У нее неожиданно случилась любовь. В свои шестьдесят девять лет она завела полюбовника из Котова – Ваську Михея, алкаша, присосавшегося скорее к ее пенсии, чем к ее прелестям. Михей гулял уже второй год, сбежал из города от зудящей и тяжелозадой жены и слонялся от бабы к бабе, ночевал по баням и сараям, где придется, пока не набрел на любвеобильную Тасю. Пили теперь на троих. Сталёк с Михеем бегали за водкой, иногда с ними гордо вышагивала Таисия. Встречаясь взглядом с Мальцовым, она подчеркнуто высоко поднимала голову, отвечая на его приветствие почти королевским кивком. Он подглядел: думая, что Мальцов ее уже не видит, Таисия сплюнула по-зэковски через губу, видимо, выражая так свое к нему презрение. Пьяная, она теперь красовалась: нацепив парик и выкрасив губы, выходила с хахалем на божий свет, на лавочку под своим окном. Михей обычно засыпал, прислонившись к ее плечу, или сидел как истукан, выпучив глаза, никак не реагируя на то, что трещала ему в ухо Таисия. В конце концов Сталёк, подозревая, что они тайком пьют в два горла, уволакивал их в дом, попутно дав матери затрещину-другую.
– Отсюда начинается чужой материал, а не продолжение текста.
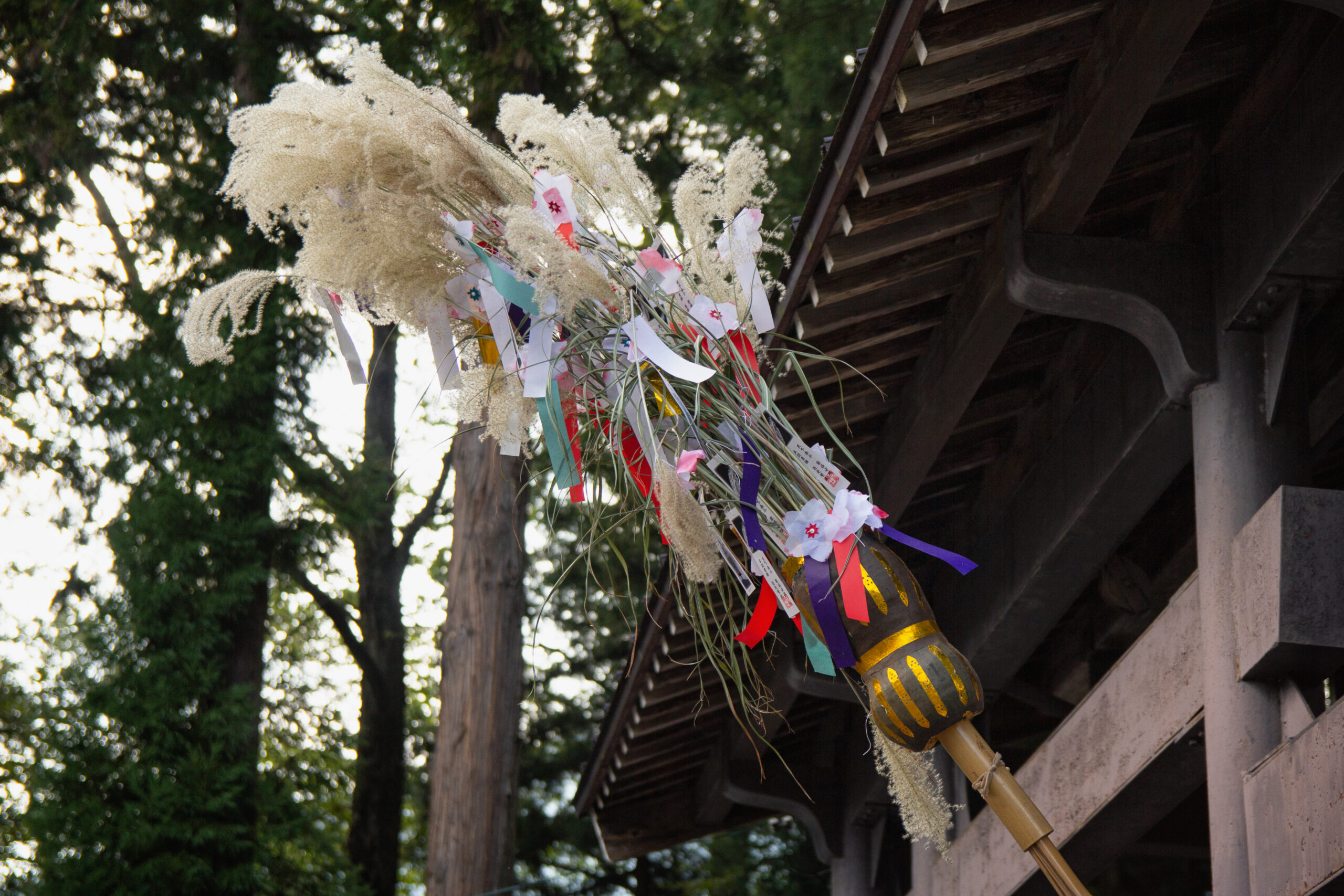 ススキに神社名の短冊、和紙で作った桜の花などのついた出花。(写真:渡辺 葉)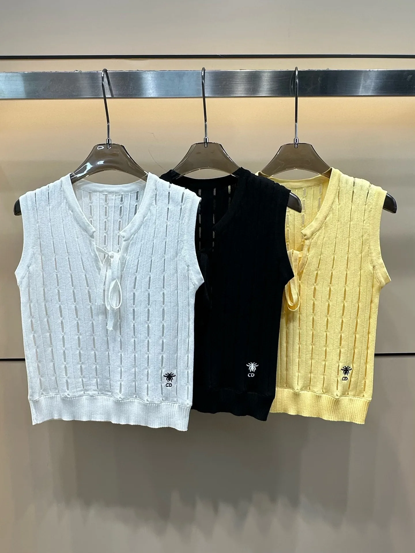 Dior CD Bee Strickweste mit Hohlsaum und Bindedetail

Сын, как ни странно, такой разудалой свою мать стеснялся. Зашел как-то к Мальцову, тихонько постучал в дверь, попросил разрешения войти:
– Я за сигареткой, дай покурить, всё подмели, гады.
Мальцов выделил ему три примины из специально купленной для него пачки.
– Бесстыжая бабка, ошалела вконец, спит с ним, представляешь? В ее-то годы. Уеду, Иван, в город, буду работу искать. Ты же знаешь, я не деревня – я городской.
Семь лет назад жена выгнала его из дома, пообещав посадить. Он сбежал к вышедшей из лагеря матери и больше ни дня не работал.
– Прости, не могу с ними, не могу, стыдно перед людьми, понимаешь?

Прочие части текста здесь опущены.